There is misconception that GPR shows changes in the density of objects, but it actually shows changes in the conductivity of objects. Different types of soil or rock have different conductivities, and the speed at which radar moves through the object is measured by the dielectric value of the material. Air has a dielectric of 1 and water has a dielectric of 81. Radar waves travel the fastest through air and slowest through water. Most other materials fit between these two values. The software on the GPR machine would interpret the data and show where the conductivities change.

Fig. 2: Objects detected by GPR.

The higher the frequency of the radar the more detail it picks up, but the shallower its penetration. The lower the frequency, the deeper it penetrates, but also the less detail it shows. So there is a constant compromise for either depth or detail.

For concrete, for instance, you would not want to scan much deeper than 500 mm into the concrete, and therefore a concrete GPR scanner would use a much higher frequency (above 2000 MHz) than that needed for utility detection, where the focus is typically 1 – 3 m blow the surface. For this depth an antenna with a frequency of 200 – 900 MHz would be used.

Limitations of GPR

The asset owner and material composition of the object cannot be determined with GPR. As operators we do in many cases indicate the type of utility that we have detected (like electric cables or water pipes), but we only do this if we are able to trace the line to a mini-substation or fire hydrant or other above-ground feature. When scanning concrete, the exact size of the rebar can also not be determined, only its position and depth.

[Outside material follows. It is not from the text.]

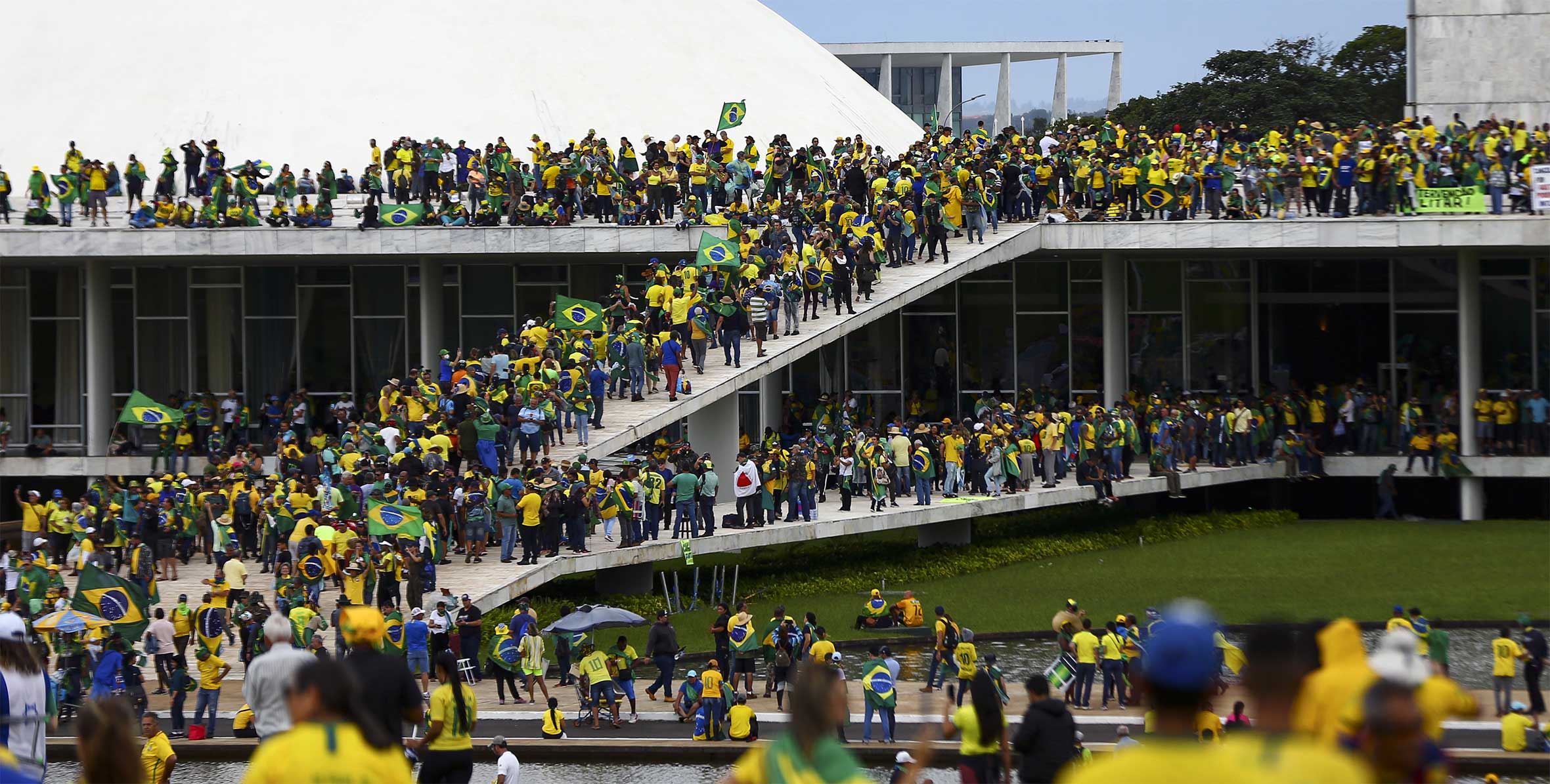 Illustration : Envahisseurs sur la rampe du Palais des Congrès. Marcelo Camargo / Agência Brasil – 8 janvier 2023 / Wikimedia CC

Fig. 3: A metal pipe which could not detect by an 800 MHz antenna.

To give you an idea of the limitations of GPR, Fig. 3 shows a 1,6 m diameter steel pipe at 1,8 m below the scanner. Steel is one of the most conductive materials and therefore we expect to detect this easily. We were however unable to detect the pipe at one point, even though the pipe was at the same depth where we were able to detect it just 200 m prior. The difference between the two scans is the soil conductivity above the pipe.

Despite its limitations, GPR is very useful, as the below case studies will illustrate.

Complementing technologies

Fig. 4: An electromagnetic (EM) locator and transmitter.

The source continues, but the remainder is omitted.